The 2023 Selection Committee includes Fui Tsikata, Kobby Bentsi-Enchill, Dr Pascal Brenya (Ghana), Fatumata Soukouna-Coker (Liberia), Prof. Romuald Meango (Cameroon), Dr Andrew Nevin (Canada), Prof. Preye Fiebai, Dr Ebele Mbanugo, Dr Innocent Okpanum, Prof. Ifeoma, Nwoha, Prof. Yusuf Attahir Yusuf, Dr Abdullateef Bello, Prof. John Mawak (Nigeria), and Chioke, a non-voting member.
While we applaud the accomplishment of these young people, who have made West Africa proud, it is clear that, if given the chance, the sub-region can produce more Chimas and Adomakos. It has long produced two Rhodes scholars, yearly. However, by increasing the slots, more opportunities will be given to developing education in the sub-region.
Why West Africa?
Considered among the world’s most prestigious international scholarship programmes, the Rhodes Scholarship for West Africa was announced in 2017 and the first scholar arrived in October 2018.
According to studies, education in West Africa has grown dramatically over the last half-century. From 1970 to 2010, the percentage of children in the region, who completed primary school increased by nearly 50 per cent (from 46 per cent to 68 per cent). The proportion of children completing lower secondary school nearly doubled (from 22 per cent to 40 per cent).
Growth in developing countries has been particularly impressive in the last 20 years, particularly in Sub-Saharan Africa. This is evident in the delivery of consistent positive growth digits from an average yearly growth rate of 1.6 per cent to 4.5 per cent over the last two decades (World Development Indicators, 2016). This pattern can also be seen in West African countries, which have experienced an average yearly growth rate of 4.9 per cent over the last two decades. Indeed, Nigeria, Ghana, Senegal, and Burkina Faso are among the countries in the region that have experienced impressive and consistent positive yearly growth. In comparison to other developing economies, these countries have performed admirably in terms of maintaining high growth rates.
The human capital development of West African nations has seen some improvement. The success measured in terms of enrolment in schools is indicative of this. The region recently saw a significant increase in the number of students enrolled in primary and secondary schools. This also occurs during a period of rapid growth in the area, which sheds light on the level of investment in human capital there. The opportunity for citizens to participate in the growth process through their engagement in productive activities is made possible by the population’s greater accessibility to education.

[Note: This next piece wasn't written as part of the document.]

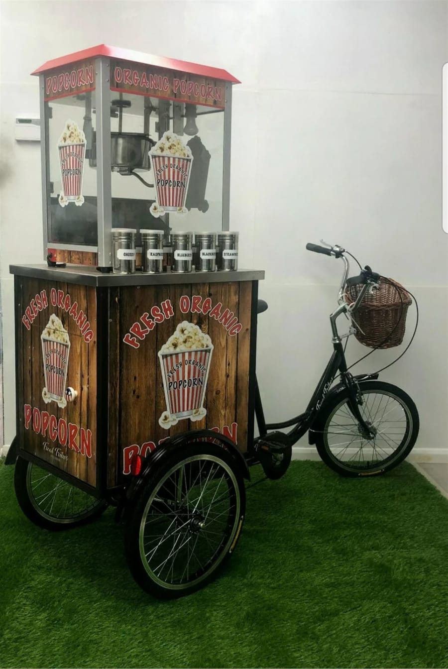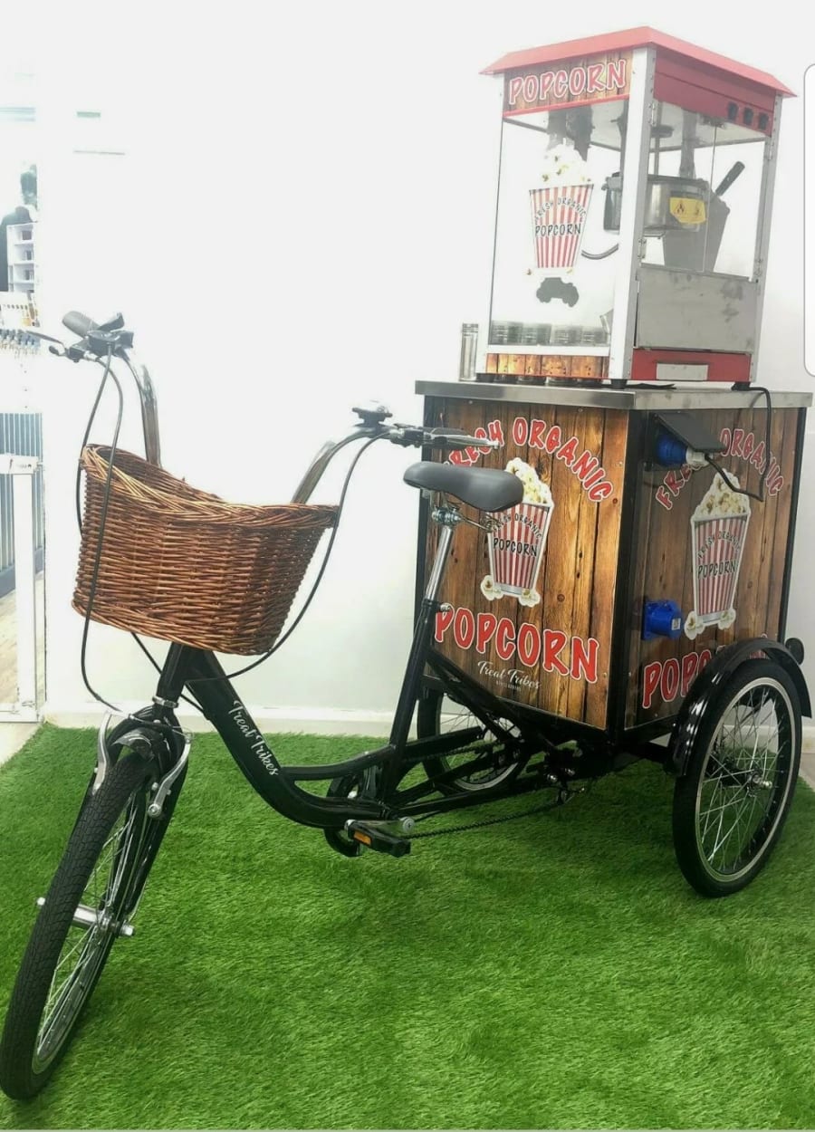 Can be icecream machine, Slush machine, Popcorn machine, Candyfloss machine, Hot dog machines, sweet cart, Champagne with Glasses, Pimms O'clock and more. Just ask and we will put it on the Trike.

Students in West Africa would have the chance to receive international education, preparing them for the global market, if there were more generous scholarships available.
There is no doubt that West Africa is one of the best places in the world to find people with these qualities because scholars are chosen based on their exceptional intellect, character, capacity for leadership and commitment to service. They are waiting for the dice to turn in their favour.
These people understand Mahatma Gandhi’s famous words, “To lose patience is to lose the battle.” As a result, they are watching for a chance to soar.